Очень внимательно и серьезно рассмотрев все то, что произошло на нашем свидании, я пришел к весьма грустному выводу, с которым не может не согласиться мой благосклонный читатель: несомненно, что г-жа NN лгала, уверяя, что не любит мужа, от которого имеет полдюжины детей, а любит меня. Конечно, я не могу строго отнестись к этой наивной лжи, вполне естественно объясняемой тем экзальтированным состоянием, в котором находилась при свидании моя старая подруга. Просто сознаться в том, что она мне изменила, г-жа NN не могла и, естественно, прибегала к некоторым украшениям и легкому, чисто женскому[75] сочинительству, желая доставить приятное как мне, так и себе. Чувствуя некоторую, в действительности ничтожную вину передо мною, она слишком торопилась ее загладить; не могу, к сожалению, одобрить всех мер, предпринятых ею в этом направлении. Глубоко убежден, что, возвратившись к своему достойному супругу, в котором она не может не чтить отца своих шестерых детей, она сама рассказала ему о нашем потешном свидании – умолчав, конечно, о некоторых подробностях, которые могли быть ему неприятны.
Чуть не забыл упомянуть, что г-же NN удалось каким-то образом узнать мой адрес, и она прислала мне несколько писем, которые я вернул нераспечатанными, не рассчитывая найти в них ничего нового и интересного, кроме все тех же полулживых излияний.
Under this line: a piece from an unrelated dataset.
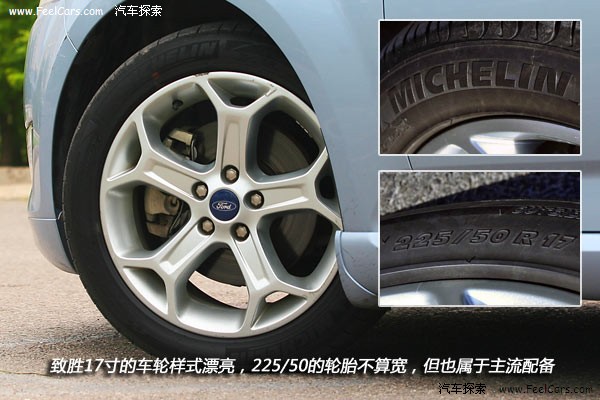 致胜运动型的轮圈和睿翼形式上有些像,但感觉更有力度。17寸的大小以及米其林225/50的轮胎也都很说得过去,是这个级别的主流配备。

А за несколько дней до своей внезапной кончины, кажется, за неделю, она приезжала сама, но не застала меня дома – я был у г. начальника нашей тюрьмы.
Среди венков, украшавших гроб г-жи NN, был один, привлекавший общие взоры своей оригинальной формой: это была красиво сплетенная решетка из кроваво-красных роз. И надпись на венке гласила: "От неизвестного друга. Отдохни, усталое сердце".
Последнее, что остается мне добавить для полного и окончательного расчета с этой жизнью – я отказался от предполагаемого турне, несмотря на горячие просьбы и мольбы моего импресарио. Может быть, впоследствии я и соглашусь на чтение лекций, – но сейчас у меня нет что-то охоты беседовать с этим легкомысленным народом, одинаково готовым, как неразборчивое животное, пожирать правду и ложь. Как, вероятно, тоскуют великие актеры перед этой благосклонной публикою, которую легче обмануть, чем ворону, и которую никогда нельзя обмануть, потому что вера ее – обман. И минутами, когда мне хочется посмеяться, я представляю себе дьявола, который, со всем великим запасом адской лжи, хитрости и лукавства, явился на землю в тщеславной надежде гениально солгать, – и вдруг оказывается, что там просто-напросто не знают разницы между правдою и ложью, какую знают и в аду, и любая женщина, любой ребенок в невинности глаз своих искусно водит за нос самого маститого артиста!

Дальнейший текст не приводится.